Chalukya Emperor
- Reign: c. 681 – c. 696
- Predecessor: Vikramaditya I
- Successor: Vijayaditya
- Issue: Vijayaditya
- Dynasty: Chalukyas of Vatapi
- Father: Vikramaditya I

= Vinayaditya of Vatapi =

Chalukya Emperor from 681 to 696

Vinayaditya ruled the Chalukya kingdom from 681 to 696. He was the son of Vikramaditya I and the successor of the Chalukya kingdom. Similar to his forefathers, he took up titles such as "Shri-Prithivi-Vallabha", "Satyasraya", "Yuddhamalla" and "Rajasraya". He carried campaigns against the Pallavas, Kalabhras, Haihayas, Vilas, Cholas, Pandyas, Gangas and many more. He levied tribute from the kings of Kavera, Parasika (Iran), Sinhala (Ceylon). He acquired the banner called Palidhvaja by defeating the Lord of the entire Uttarapatha. (The name of the Lord of Uttarapatha is not known or mentioned anywhere)

==Northern expedition ==
Inscriptions speak of many victories to Vinyaditya. He had fought alongside his father against the Pallavas. According to the Jejuri record of 684, he defeated the Pallavas, Kalabhras, Keralas (Cheras, the rulers of western Tamil Nadu and central Kerala) and the Kalachuris of central India. From the Kolhapur plates of 678, it can be seen that he defeated the kingdoms of Lanka and Kamera, which according to Dr. S. Nagaraju was Khmer or Cambodia. The Vakkaleri plates confirm the Chalukya levying tribute on Kamera, Lanka and Parasika (Persia).
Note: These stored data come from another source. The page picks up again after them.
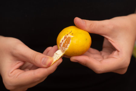 Peeling a Fresh Orange Mandarin. Female Hands skillfully exfoliating a juicy ripe mandarin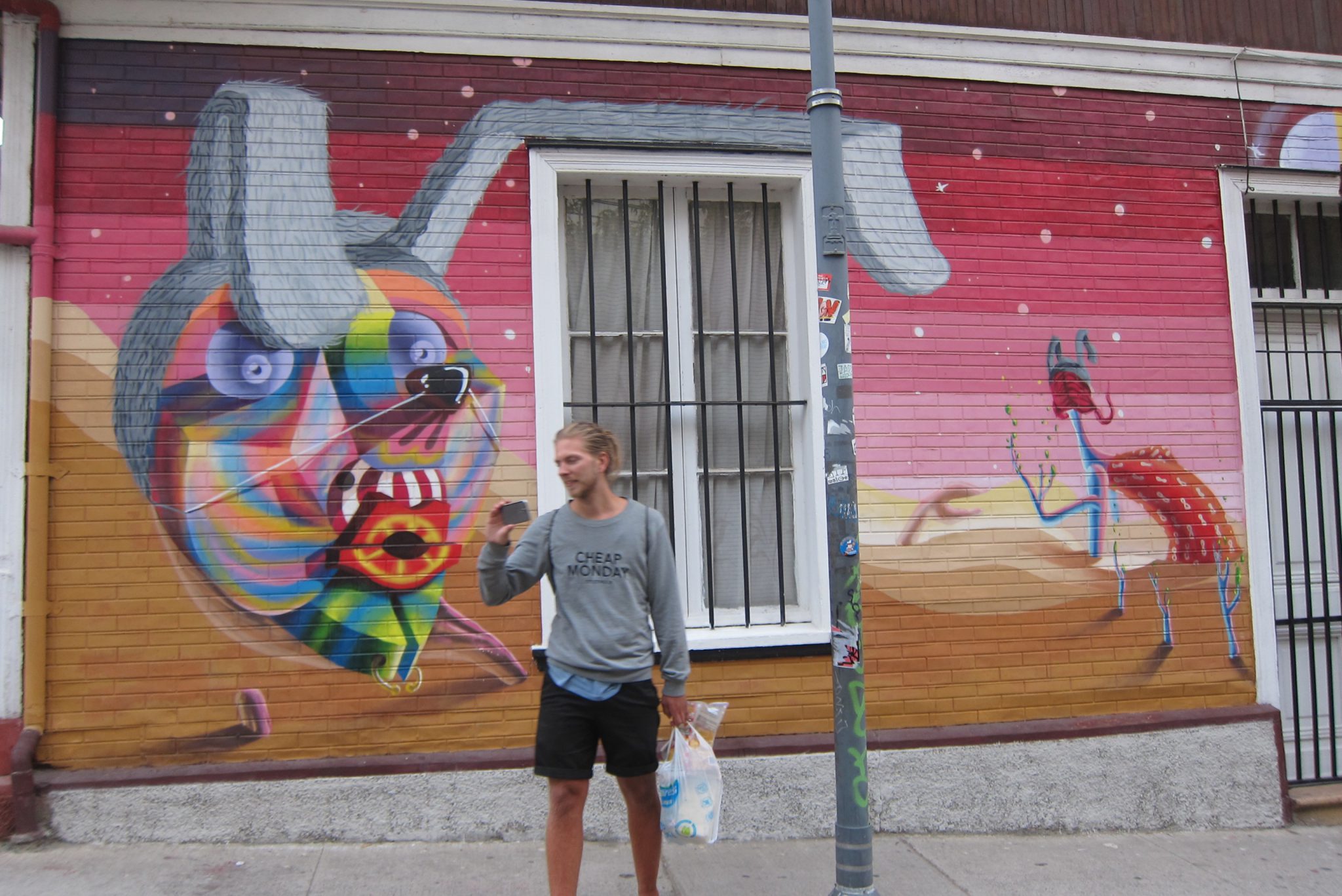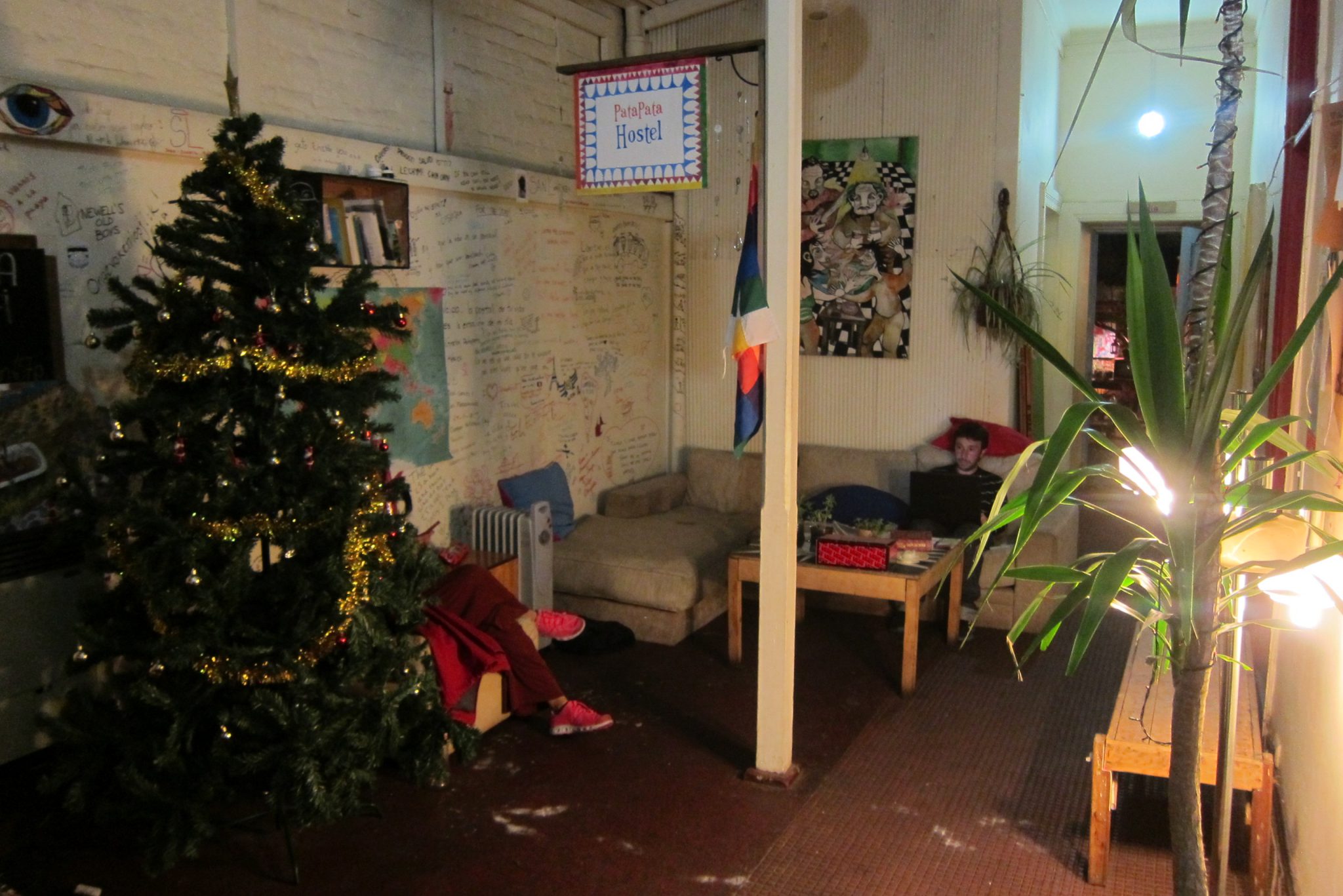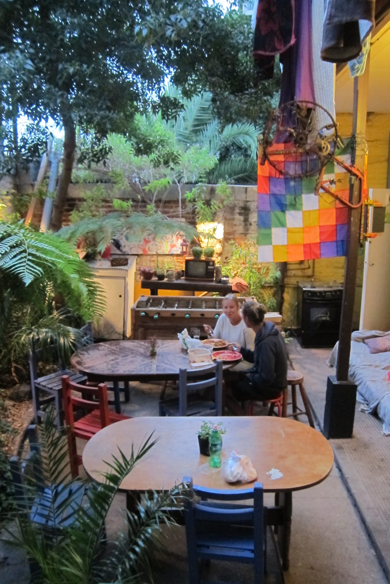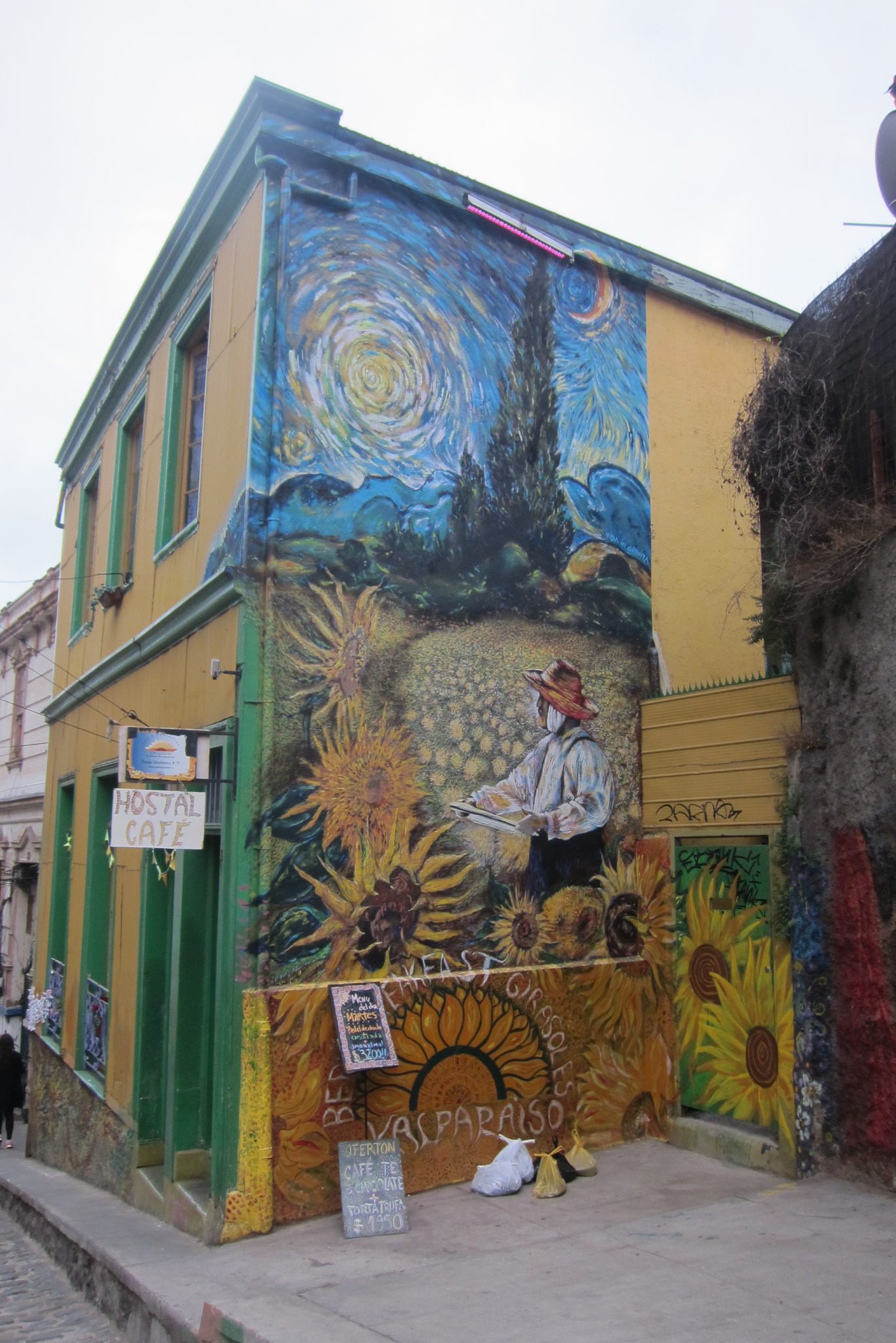 Tāda pūcīga iebraucu Valparaiso. Mēģinu zvanīt kontaktam trešo reizi, arī šoreiz nesekmīgi. Labi, esmu piefiksējusi pāris hosteļu adreses katram gadījumam, eju meklēt naktsmājas. Joprojām viss ir slikti, neesmu arī priecīga ieraudzīt, ka man nepieciešamā vieta atrodas kalna galā, ir jākāpj pa garum garām kāpnēm. Tomēr kāpnes jeb fiziskā slodze jocīgā kārtā palīdz kliedēt nejauko noskaņojumu un pie hosteļa durvīm zvanu nosvīdusi, bet daudz mierīgāka. Viņiem ir brīvas vietas, iekārtojos četrvietīgā istabiņā.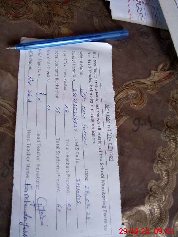 | Attendance Register | Head Teacher | MEA with School | Visit Proof |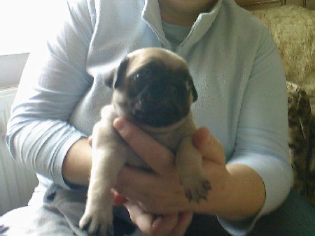 Am Wochenende darauf fuhren mein Freund und ich also nach Sachsen um den kleinen Mops zu begutachten und uns bei der Züchterin vorzustellen. Als ich dann das kleine Möpschen vor mir hatte war es um mich geschehen.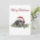 Desea a amigos y familiares una Feliz Navidad con esta tarjeta nostálgica que presenta un adorable labrador retriever negro que lleva un sombrero de Santa. Personalice el sentimiento y la firma.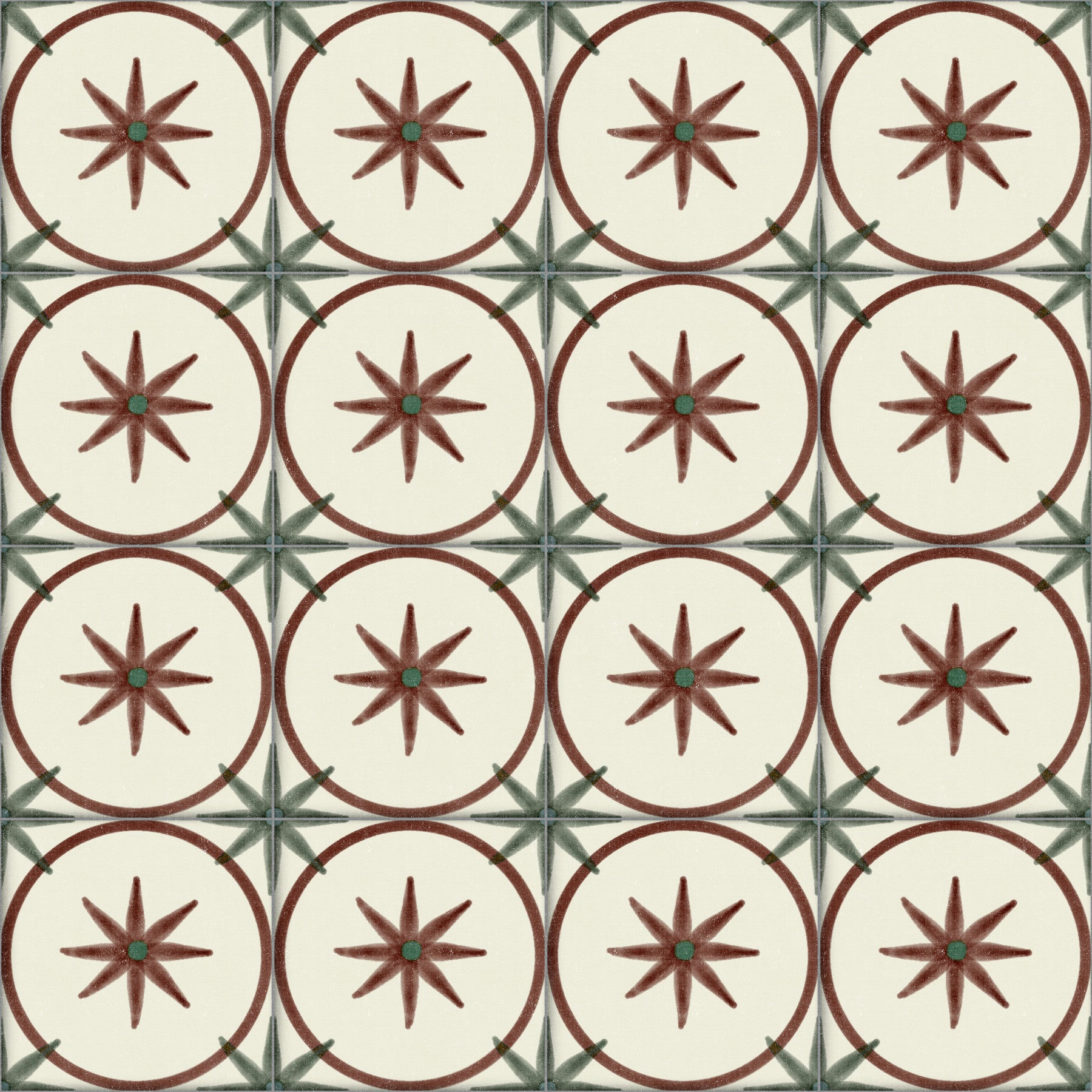Laissez-vous charmer par l'authenticité d'antan avec cette crédence murale en argile au style champêtre intemporel. D'une élégance rustique, son motif ravissant évoque les carreaux peints à la main d'autrefois. Des tons chauds et terreux de brun rougeâtre forment des cercles qui renferment des étoiles stylisées, chacune ornée d'un petit centre vert, sur un fond blanc cassé crémeux. Les textures subtiles imitent le toucher de l'argile véritable, apportant une touche de chaleur organique à votre intérieur. Des détails entrecroisés d'un vert doux ajoutent une note complémentaire, renforçant le charme vintage de l'ensemble. Ce motif est idéal pour insuffler une ambiance champêtre et chaleureuse à votre cuisine, votre salle de bain ou toute autre pièce en quête d'une esthétique intemporelle. Il évoque un sentiment d'héritage et de confort douillet.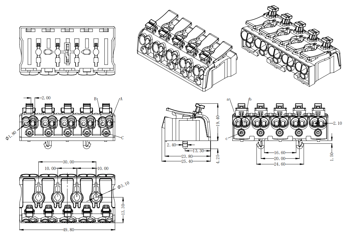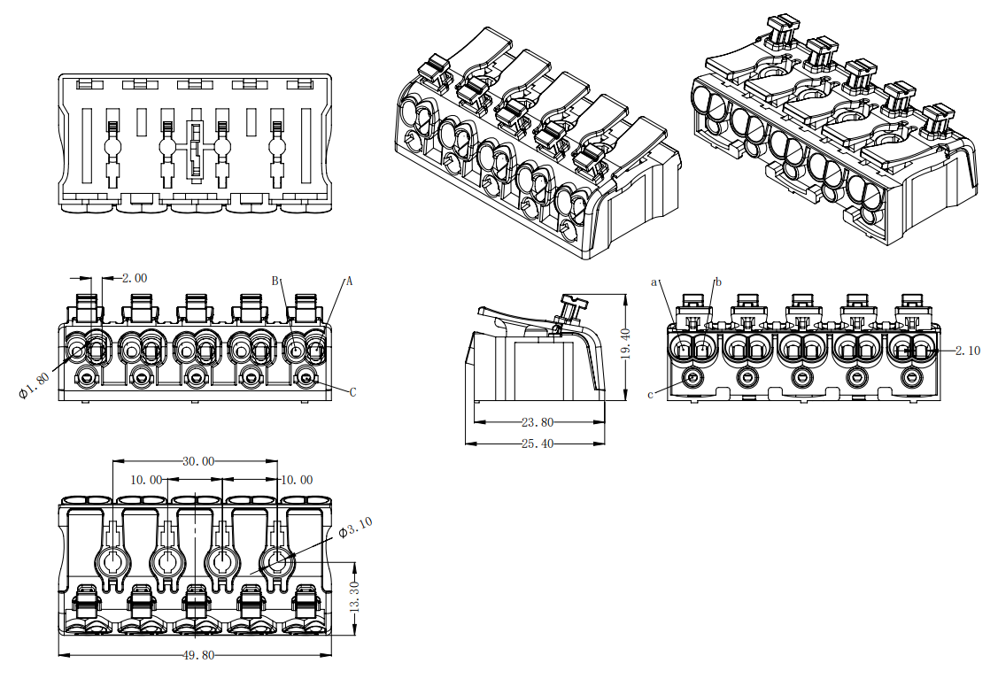 | 工廠側(cè) | A孔 | 實芯線 | 0.5-2.5mm2 | AWG 14-20 |
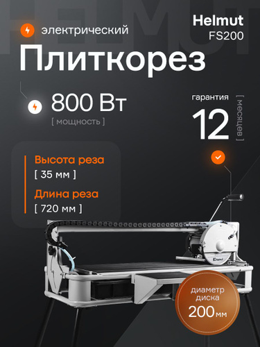 Плиткорез электрический водяной Helmut FSC200 для керамогранита. Мощность 1000 Вт. Длина стола 500 мм.
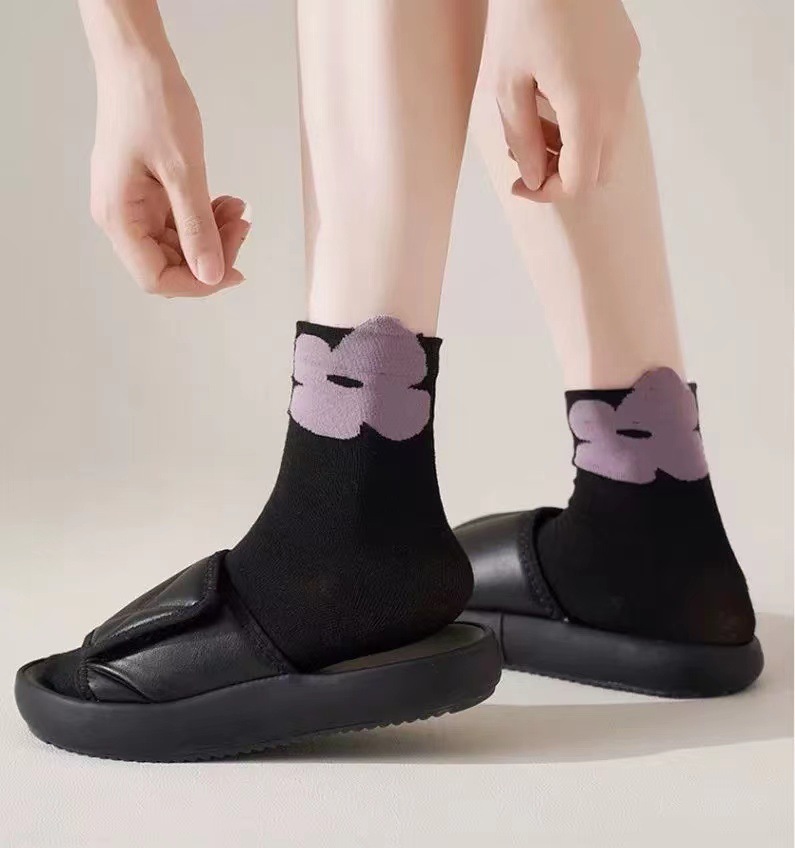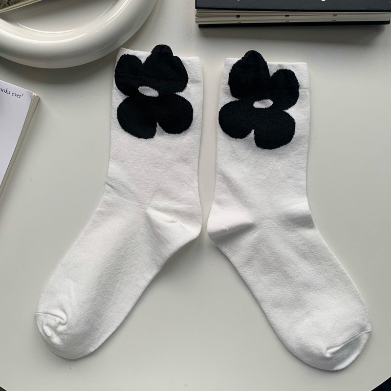 3 차원 꽃 중간 튜브 면 양말 여성 봄 가을 얇은 Ins 유행 그물 적외선 착용 한국식 긴 튜브 스택 양말 올매치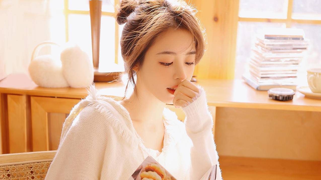 她好像哭过,眼角泛红,脸上有隐约的泪痕。
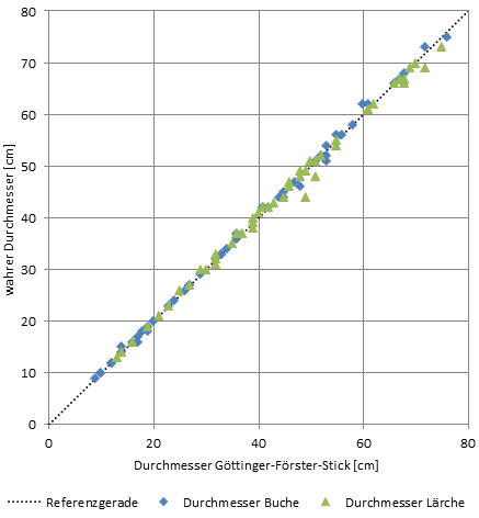 Auf diese Weise können Durchmesser bis 84 cm ermittelt werden. Das Verfahren der Durchmesserschätzung mittels Göttinger-Förster-Stick erfolgt nach kurzer Einübung recht genau, wie die Ergebnisse der Bachelorarbeit von Bloss (2014) zeigten. Im Zuge der Arbeit wurden unter anderem 50 Lärchen und 50 Rotbuche im Wald aufgenommen und zur Kontrolle gekluppt. 91 der 100 Messungen wiesen dabei Abweichungen von unter einem Zentimeter auf. In Abb. 3 sind jeweils die mit dem Försterstick und der Kluppe ermittelten Durchmesser dargestellt.

According to Dr. Sircar, it is very possible that the chiefs of Lanka and Persia may have sought protection from the Chalukya, considering the unstable political situation in those countries. During this time, Persia was under Islamic invasion. Vinayaditya sent an expedition to the north under the command of his son Vijayaditya. According to some accounts, Vijayaditya was captured and held prisoner and after a period of incarceration, escaped and returned to the Chalukyan kingdom to be crowned the monarch of the empire. Vinayaditya sent an ambassador to the Chinese court in 692. Vijayaditya succeeded his father in 696.

==Rule==
Vinayaditya converted a village named Hadagile in Beluvala-300 into a dana-shala (charity-house) in year 683.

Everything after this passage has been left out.